Clinical and biological characteristics of 92 CLL patients
| Characteristic | Value (%) |
|---|---|
| Sex (n=92) | |
| Male | 57 (61.96) |
| Female | 35 (38.04) |
| Age (n=92) | |
| ≥60 | 50 (54.35) |
| <60 | 42 (45.65) |
| Binet stage (n=92) | |
| A | 37 (40.22) |
| B | 22 (23.91) |
| C | 33 (35.87) |
| CD38 (n=88) | |
| ≥30% | 22 (25.00) |
| <30% | 66 (75.00) |
| ZAP70 (n=87) | |
| ≥20% | 23 (26.44) |
| <20% | 64 (73.56) |
| IGHV (n=78) | |
| Mutated (>2% deviation from a germline) | 51 (65.38) |
| Unmutated (≤2% deviation from a germline) | 27 (34.62) |
| p53 mutation status (n=86) | |
| Presence | 17 (19.77) |
| Absence | 69 (80.23) |
| Cytogenetics (n=92) | |
| del (17p13) or del (11q22.3) | 26 (28.26) |
| del (13q14) as the sole abnormality | 6 (6.52) |
| others | 60 (65.22) |
CD20 genomic sequencing
The sequence showed a heterozygous C246T mutation in Exon-3, this site was located in the 5’UTR of CD20. We also found heterozygous C632T mutation in Exon-4. The synonymous mutation was not introducing amino acid substitution in the expressed gene product.

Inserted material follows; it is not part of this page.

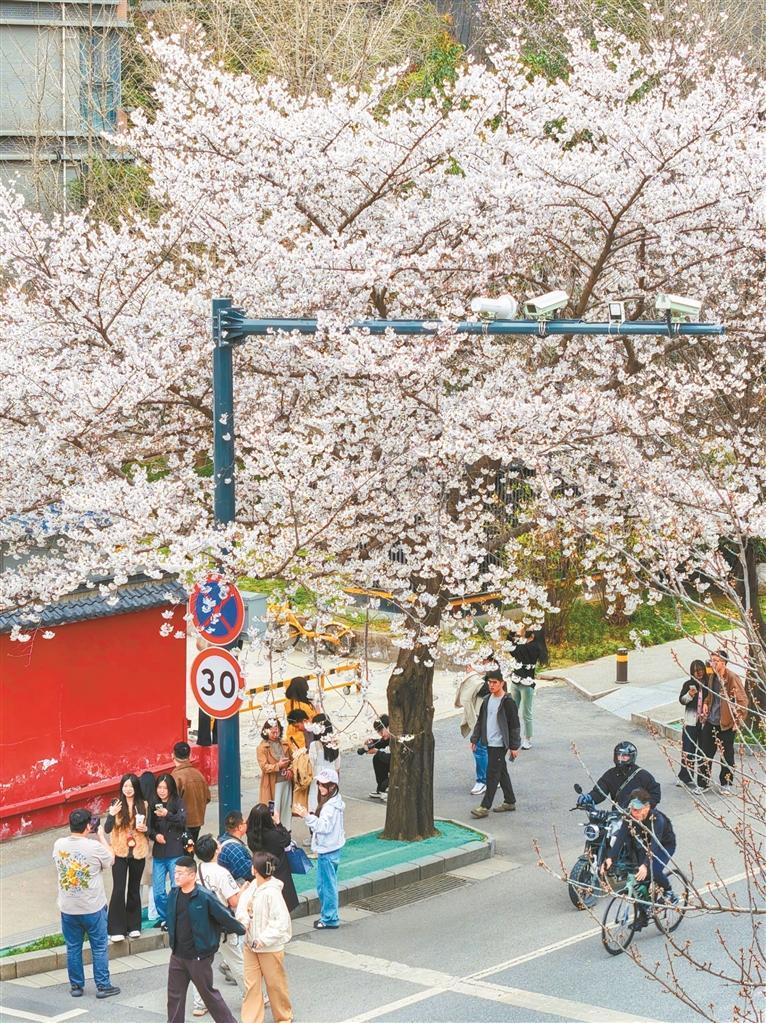 西安曲江池西路的樱花盛开,吸引不少行人驻足拍照(3月22日摄)。

After the NCBI SNP database (http://www.ncbi.nlm.nih. gov/projects/SNP) retrieval, two mutation site were confirmed for polymorphism loci. Four patients’ specimens (4.35%) showed a heterozygous allele, c.246C>T (rs17155019) in Exon-3; Nine patients’ specimen (9.78%) showed a heterozygous allele, c.632C>T (rs2070770) in Exon-4 (Figure 1).
Figure 1.
Sequence heterogeneity of the CD20 gene. Wild type or heterozygosity of Exon-3 for C246T (rs17155019) (A, B) and Exon-4 for C632T (rs2070770) (C, D).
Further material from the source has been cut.